Even better, in Grade Seven, we both got picked to be in a proper netball team. Well, it was the E team. But still – at least we got to play real, actual matches every now and then once the netball season started.
*
In my house the arguments about Kyle’s future plans went on and on. His technikon course was finished now and he was adamant about going to London. Dad thought it was a great idea. He kept trying to explain why to my mom.
“Don’t you see, Esther? He’ll get superb experience there. The field’s wide open and I hear they are really keen on employing South Africans. Our kids know how to work hard and how to show respect. Plus, he’ll be earning pounds. It’ll set him up for life! We should be encouraging him. Not standing in his way and sending him on a guilt trip!”
“But he’s not even twenty,” my mom wailed. “He’s too young to be all alone in the world.”
“Don’t be silly, Esther! He’ll be with Helen and Geoff. You know they’ll take good care of him.” Aunt Helen was Dad’s sister. She and her husband lived in a house in Wimbledon, just outside London. With a spare room.
But even that didn’t stop Mom wailing and shaking her head.
“But what about the cold? He’s grown up in the sunshine. How will he cope with that cold? And it’s so far away. What if something happens to him, Mike? What if we can’t get to him in time?”
I could hear the tears in my mom’s voice. And I knew it wasn’t only the cold and the distance. She couldn’t bear the thought of Kyle not being home. She always said he was her ray of sunshine, brightening up the worst day.
“Well, it’s really up to Kyle, isn’t it, Esther? It’s his future. We can argue all we like, but he has to decide …”
> Then Kyle would come home from his shift at the restaurant and the arguments would start all over again. Between Kyle and Mom this time.
Sometimes I had to shut my bedroom door. But that didn’t always help. Sometimes I had to put my fingers in my ears to block out the sound so I could try to sleep.
*
And there were arguments in your home too, weren’t there, Faheema?

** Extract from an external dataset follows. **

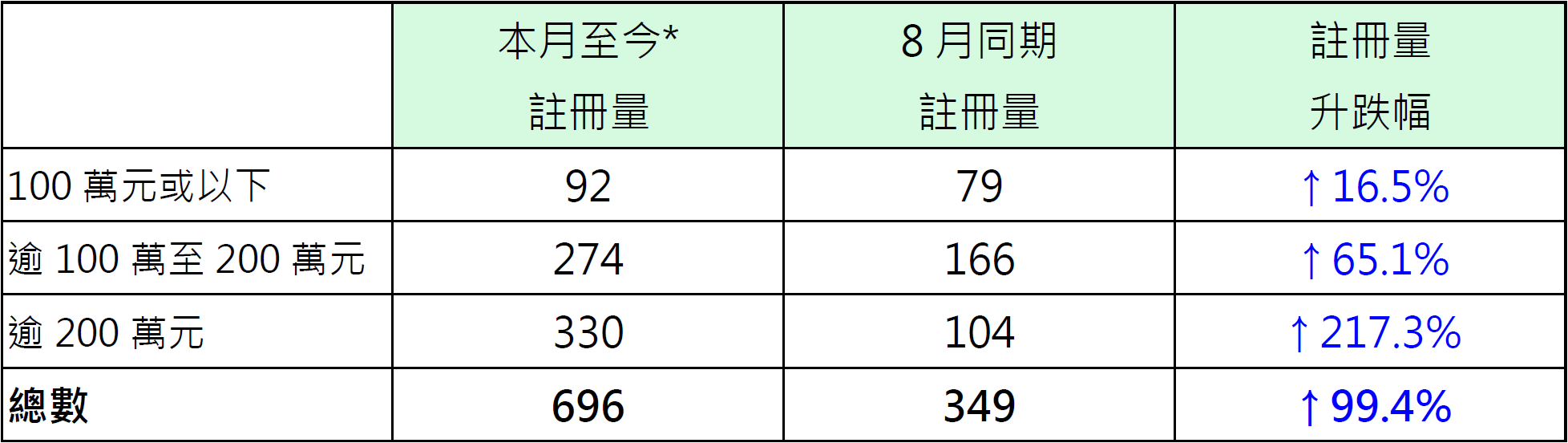 表: 本月至今*純車位註冊量與8月同期比較

Even if the arguments were quieter, conducted late at night when you were supposed to be asleep. Your dad wanted you to go to an Islamic high school the following year. He had already put your name down for Habibia College, the Muslim school on Driscoll Street. But your mom knew you wanted to attend Riverside High. Where anyone was allowed. Where I was going.
“She’ll be happy at Riverside. I want to see her happy.”
“Happiness is not the only important thing, Salama. At Habibia College our daughter will learn what it is to be a true Muslim. She will be able to make good, lasting friendships. This friendship she has now with this Christian girl is all very well. But Faheema is growing up. She must learn to understand and appreciate and participate in her own culture.”
“But they don’t play netball at Habibia. And you know how much Faheema loves her netball.”
“Oh, come now, Salama, think about it. She does not excel, does she? And sport is not the most important thing either.”
“But we never sent Yasmiena to Habibia …”
“Exactly! That is my point exactly! And look at Yasmiena now. What is she doing with her life? Her head is full of ridiculous notions. She barely listens when I speak to her. She has become a deep worry to me. No, Faheema will go to Habibia College next year. That is the end to this discussion.”
From your bedroom you didn’t block your ears. Instead you strained in the dark to hear, begging silently for your dad to change his mind.
*
“IT’S NOT FAIR!” you exploded one April afternoon as we sat against our tree by the river.
“Why don’t you just tell your dad?” I asked. “Why don’t you just explain how badly you want to go to Riverside?”